In weekly markets, if you are lucky to find a good one, you'll be able to find very characteristic things, such as beautiful cotton materials, glass pearls, meters of hand worked crochet laces, handcraft made agricultural tools of elegant ancient design, and, always, spices, slipped almonds and pine seeds, pistachios and tasty fresh and dried fruits.

To travel

Many people like renting a car or a small coach. I'm convinced that in Turkey it isn't convenient.

All public means are there privately owned, organised on co-operative bases and are in competition, that's why the service is very effective - means are generally new and comfortable - and widely spread: where the coach won't arrive the dolmus will, where the dolmus doesn't taxis do.


Dolmuses (the Turkish word for camel) are mini-coaches for 12 to 20 persons parking in the Otogàrs, with the destination written on the windscreen: they start when they are full and make journeys of about one hour. Coaches make longer journeys, start according timetables with disconcerting punctuality, as they usually start five minutes in advance. Places are numbered, if you like to stay at the front you must take tickets early.
Usually after one hour and half they make a stop in a petrol station where you can eat or drink something and use W.C., some lines also have a steward on board offering Coca Cola, towels and puffs of verbena perfumed water.

For long journeys as well taxis are not very expensive, for extra-urban destinations bargain in advance.

A great advantage of going by public means is that you don't drive: if it's you who drive, remind that being an unbeliever, you are wrong on principle. And this may prove quite unpleasant, as Turkish drivers are quite daring ones.

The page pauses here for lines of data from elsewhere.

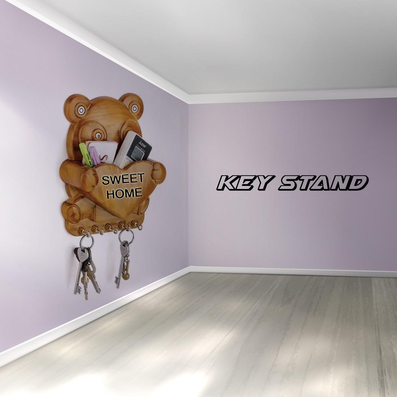 Plastic Panda Key Holder, Wall Key Rack With 5 Hooks (1 Pc)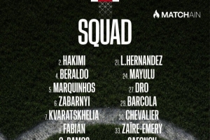 體育資訊4月19日訊 北京時間明天凌晨,巴黎將在法甲第30輪比賽中主場對陣?yán)锇?,巴黎公布了此役的球員名單,法比安回歸,努諾·門德斯缺席。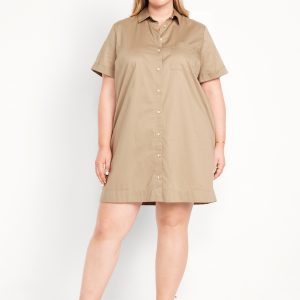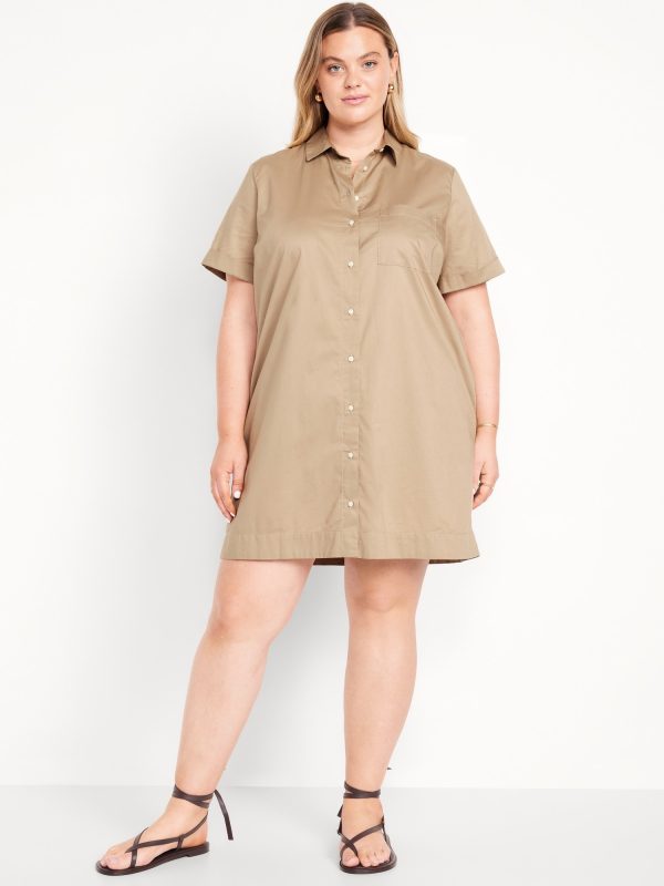 Button-Down Mini Shirt Dress: spread collar, short sleeves, side-seam pockets, patch chest pocket, full-button front, #705355

This of course is true also for public means drivers, but fortunately out of the towns traffic is rare.


If you have little time and you want to go, say, as far as Antalia or Dalaman, take the aeroplane. In domestic lines you find smart and brand new airbuses and tariffs are decidedly low.

In the hall of Istanbul's airport, before the check-in, where veiled women speak wit their cellular phone and grasp cine cameras, Asiatic businessmen exhibit blue suits and yellow smiles, fat Russian ladies covered with jewels go arm in arm with Mafiosi husbands with stony faces, whilst western tourists speak all Europe's languages, you'll really feel that Istanbul is the door of Orient, were worlds meet and mix up.

Finally sea trips: yet I haven't tried it, but it has strong fans. All people who told me about caique cruisers, made in ten or twelve, were enthusiastic.

As for me I have often rent with a very moderate expense motorboats for day trips, with the sailors, usually a nice and correct guy, and went to see charming places as Kekova or Kaunos. With about forty dollars you may ahve a confortable boat for seven - eight persons.

I'm just about realising that I said nothing about places, some of which -eg. Kekova, Kaunos, Patara,etc.- are among the most beautiful of the Mediterranean sea.

But places you may discover by yourselves

I'll only tell you very synthetically about Kekova Bay, where the ground level deepened suddenly and water submerged an ancient town, whose stony rests are still visible under the emerald crystal clear water. There, nearby the village of Simena, the tombs of the ancient Lykian warriors emerge from low water as fantastic capsized boats, and by fording you reach a mini-island based on stony rests of ancient houses, whose only inhabitant is a lonely white rabbit....


I swear, this summer I'll return there.